*** Opening Dataset section ***
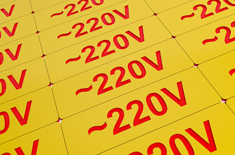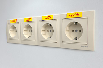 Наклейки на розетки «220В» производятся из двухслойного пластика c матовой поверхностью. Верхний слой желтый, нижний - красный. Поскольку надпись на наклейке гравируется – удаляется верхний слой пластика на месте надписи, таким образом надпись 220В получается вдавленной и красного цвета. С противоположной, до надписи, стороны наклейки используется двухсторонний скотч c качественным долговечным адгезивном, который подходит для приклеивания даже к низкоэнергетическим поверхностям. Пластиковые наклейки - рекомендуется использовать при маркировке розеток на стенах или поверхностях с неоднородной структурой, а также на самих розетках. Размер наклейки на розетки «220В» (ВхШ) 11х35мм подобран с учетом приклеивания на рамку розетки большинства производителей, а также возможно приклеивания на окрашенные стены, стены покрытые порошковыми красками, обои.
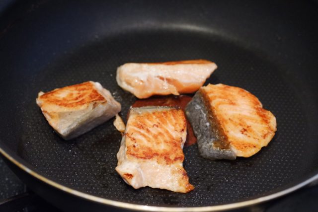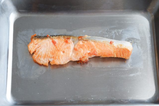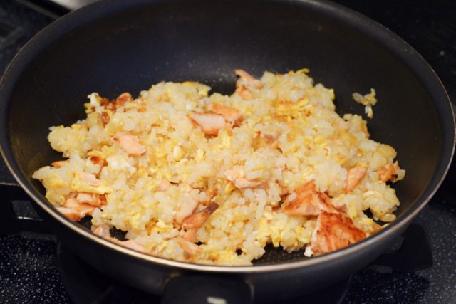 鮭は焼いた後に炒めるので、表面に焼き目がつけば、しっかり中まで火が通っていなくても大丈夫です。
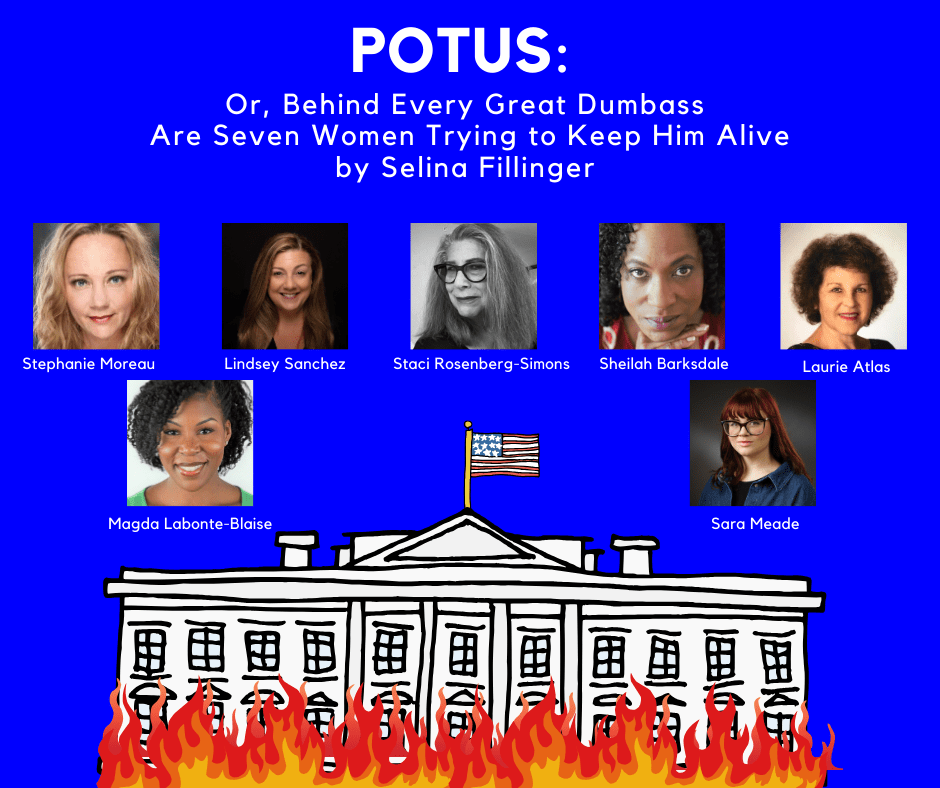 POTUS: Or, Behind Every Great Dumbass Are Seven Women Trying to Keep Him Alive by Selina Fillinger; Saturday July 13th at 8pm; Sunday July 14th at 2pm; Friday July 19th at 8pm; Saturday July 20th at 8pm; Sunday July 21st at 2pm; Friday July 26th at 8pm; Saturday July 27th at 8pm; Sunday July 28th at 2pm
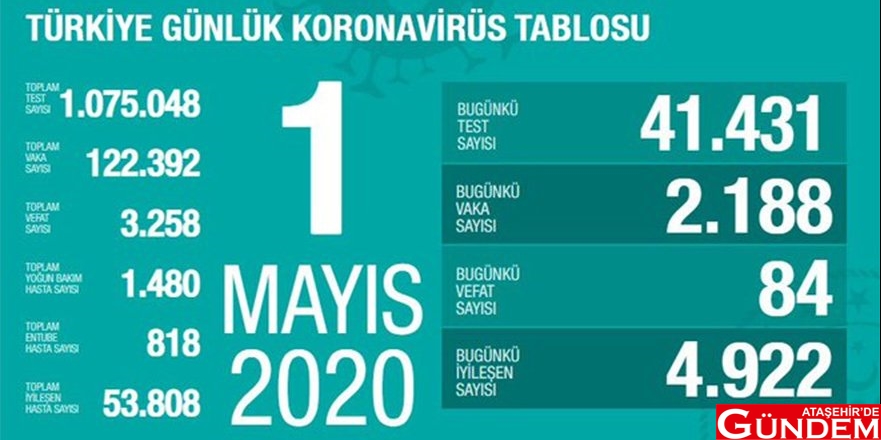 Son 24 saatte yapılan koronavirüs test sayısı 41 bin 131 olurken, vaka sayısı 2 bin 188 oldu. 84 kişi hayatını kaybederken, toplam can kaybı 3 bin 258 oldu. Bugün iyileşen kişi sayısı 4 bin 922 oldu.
*** Closing Dataset section ***
- **What this task involves**
Copy only this, please: the line with "POTUS: Or, Behind" and every line after it through the end of the data, with no pictures.

- **Response to this exercise**
 POTUS: Or, Behind Every Great Dumbass Are Seven Women Trying to Keep Him Alive by Selina Fillinger; Saturday July 13th at 8pm; Sunday July 14th at 2pm; Friday July 19th at 8pm; Saturday July 20th at 8pm; Sunday July 21st at 2pm; Friday July 26th at 8pm; Saturday July 27th at 8pm; Sunday July 28th at 2pm
 Son 24 saatte yapılan koronavirüs test sayısı 41 bin 131 olurken, vaka sayısı 2 bin 188 oldu. 84 kişi hayatını kaybederken, toplam can kaybı 3 bin 258 oldu. Bugün iyileşen kişi sayısı 4 bin 922 oldu.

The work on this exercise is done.